***** INFORMATION *****
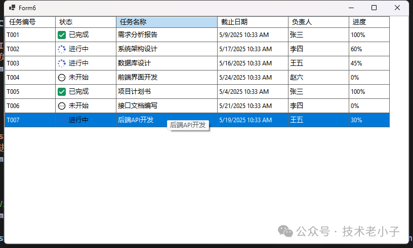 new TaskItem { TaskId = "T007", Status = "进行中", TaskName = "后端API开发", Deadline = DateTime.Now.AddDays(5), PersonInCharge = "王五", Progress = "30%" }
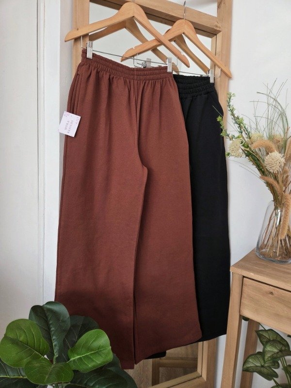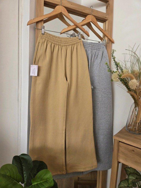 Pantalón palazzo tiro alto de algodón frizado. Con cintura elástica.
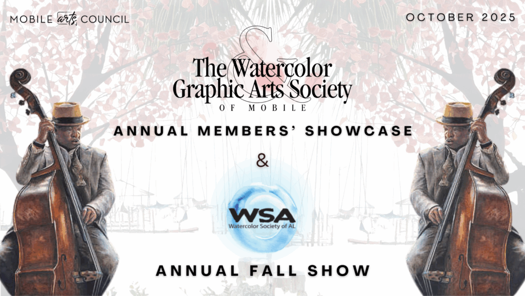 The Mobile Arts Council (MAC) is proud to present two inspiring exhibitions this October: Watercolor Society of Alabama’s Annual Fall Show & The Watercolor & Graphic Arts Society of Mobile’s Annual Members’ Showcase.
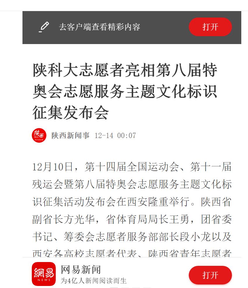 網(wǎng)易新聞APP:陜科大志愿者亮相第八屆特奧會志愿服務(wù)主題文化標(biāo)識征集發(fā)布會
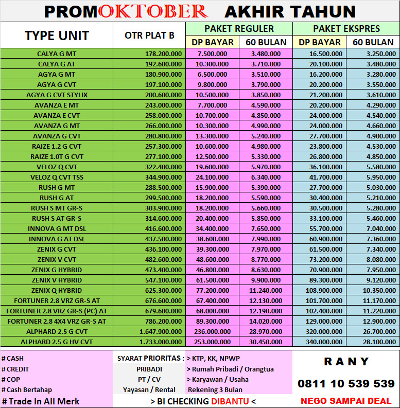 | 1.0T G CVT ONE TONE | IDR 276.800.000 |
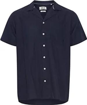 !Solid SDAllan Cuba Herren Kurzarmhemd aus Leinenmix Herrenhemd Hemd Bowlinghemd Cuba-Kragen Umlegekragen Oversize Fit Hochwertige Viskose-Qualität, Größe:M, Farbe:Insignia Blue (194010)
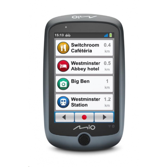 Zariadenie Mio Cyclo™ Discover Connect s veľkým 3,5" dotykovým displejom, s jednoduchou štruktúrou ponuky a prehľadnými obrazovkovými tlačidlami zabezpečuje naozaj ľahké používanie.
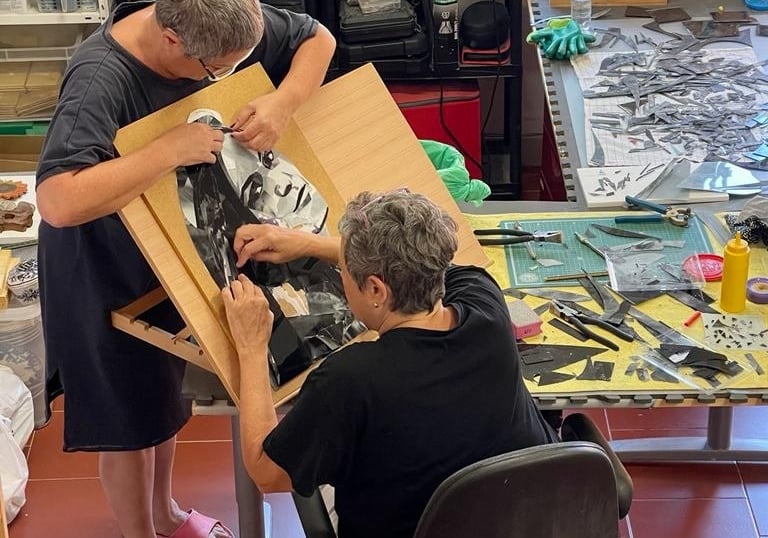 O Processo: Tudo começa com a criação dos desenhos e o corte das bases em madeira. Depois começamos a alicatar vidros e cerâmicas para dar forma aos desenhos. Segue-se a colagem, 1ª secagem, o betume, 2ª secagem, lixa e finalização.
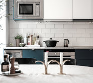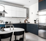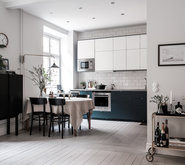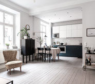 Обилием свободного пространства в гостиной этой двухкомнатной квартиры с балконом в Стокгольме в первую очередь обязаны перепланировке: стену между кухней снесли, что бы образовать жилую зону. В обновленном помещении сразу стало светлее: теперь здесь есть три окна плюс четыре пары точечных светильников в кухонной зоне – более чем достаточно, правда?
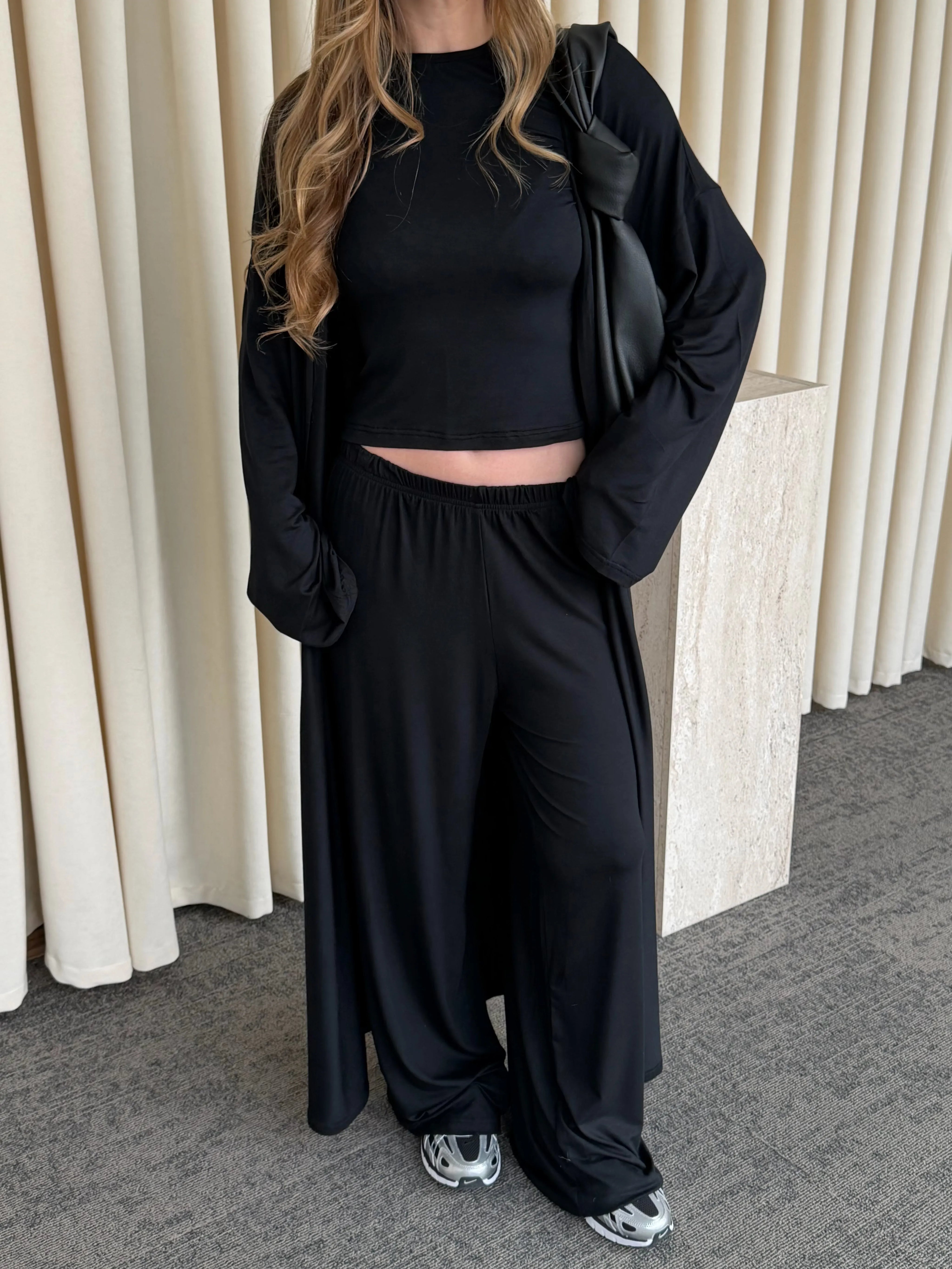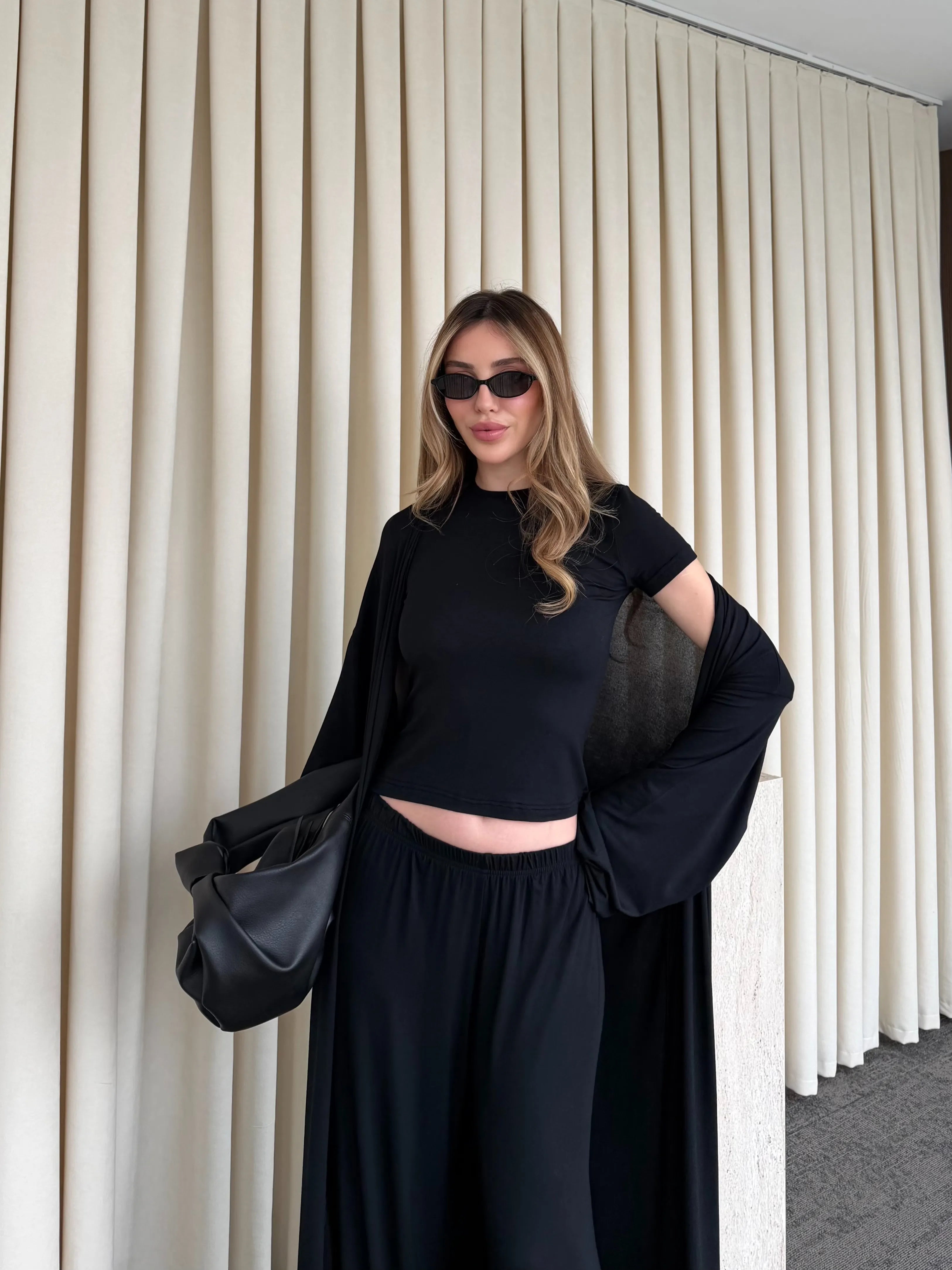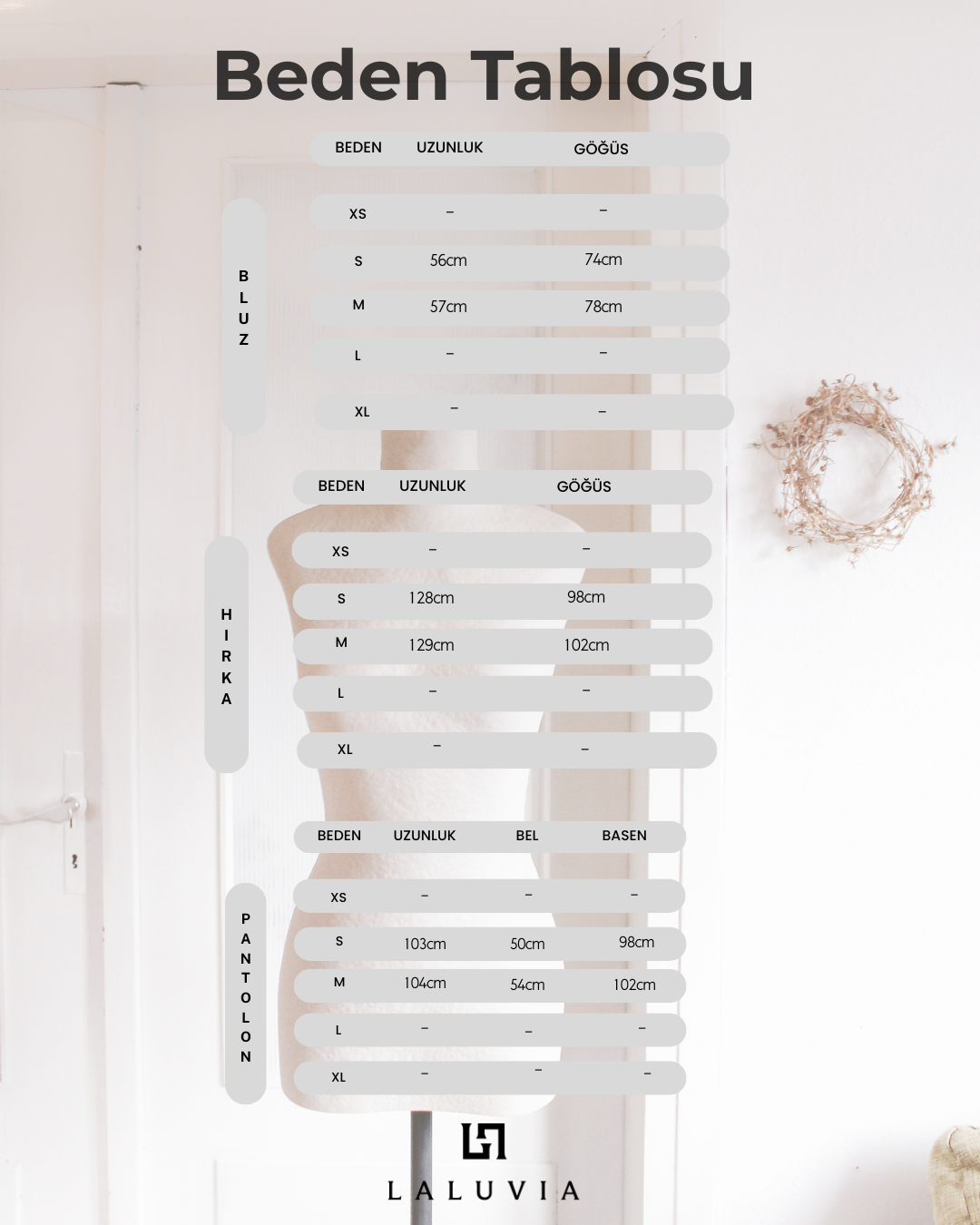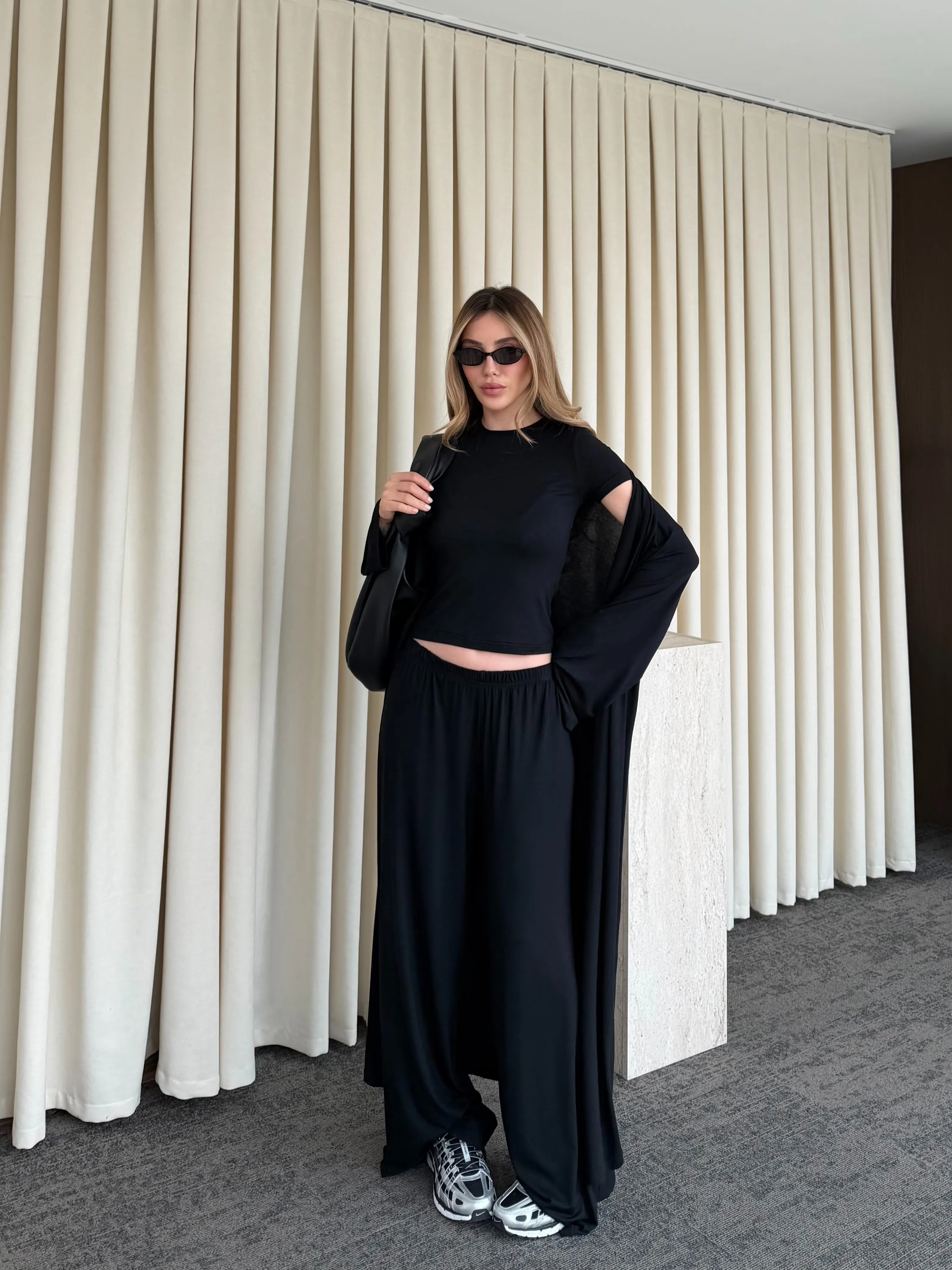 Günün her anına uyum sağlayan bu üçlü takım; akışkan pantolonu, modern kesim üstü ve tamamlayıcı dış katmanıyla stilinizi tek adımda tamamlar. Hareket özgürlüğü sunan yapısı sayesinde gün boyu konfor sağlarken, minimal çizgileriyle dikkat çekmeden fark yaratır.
*****
→ **EXERCISE DESCRIPTION**
Please write out all the data word for word, but keep every picture out.

→ **RESULT OF THE TASK**
 new TaskItem { TaskId = "T007", Status = "进行中", TaskName = "后端API开发", Deadline = DateTime.Now.AddDays(5), PersonInCharge = "王五", Progress = "30%" }
 Pantalón palazzo tiro alto de algodón frizado. Con cintura elástica.
 The Mobile Arts Council (MAC) is proud to present two inspiring exhibitions this October: Watercolor Society of Alabama’s Annual Fall Show & The Watercolor & Graphic Arts Society of Mobile’s Annual Members’ Showcase.
 網(wǎng)易新聞APP:陜科大志愿者亮相第八屆特奧會志愿服務(wù)主題文化標(biāo)識征集發(fā)布會
 | 1.0T G CVT ONE TONE | IDR 276.800.000 |
 !Solid SDAllan Cuba Herren Kurzarmhemd aus Leinenmix Herrenhemd Hemd Bowlinghemd Cuba-Kragen Umlegekragen Oversize Fit Hochwertige Viskose-Qualität, Größe:M, Farbe:Insignia Blue (194010)
 Zariadenie Mio Cyclo™ Discover Connect s veľkým 3,5" dotykovým displejom, s jednoduchou štruktúrou ponuky a prehľadnými obrazovkovými tlačidlami zabezpečuje naozaj ľahké používanie.
 O Processo: Tudo começa com a criação dos desenhos e o corte das bases em madeira. Depois começamos a alicatar vidros e cerâmicas para dar forma aos desenhos. Segue-se a colagem, 1ª secagem, o betume, 2ª secagem, lixa e finalização.
 Обилием свободного пространства в гостиной этой двухкомнатной квартиры с балконом в Стокгольме в первую очередь обязаны перепланировке: стену между кухней снесли, что бы образовать жилую зону. В обновленном помещении сразу стало светлее: теперь здесь есть три окна плюс четыре пары точечных светильников в кухонной зоне – более чем достаточно, правда?
 Günün her anına uyum sağlayan bu üçlü takım; akışkan pantolonu, modern kesim üstü ve tamamlayıcı dış katmanıyla stilinizi tek adımda tamamlar. Hareket özgürlüğü sunan yapısı sayesinde gün boyu konfor sağlarken, minimal çizgileriyle dikkat çekmeden fark yaratır.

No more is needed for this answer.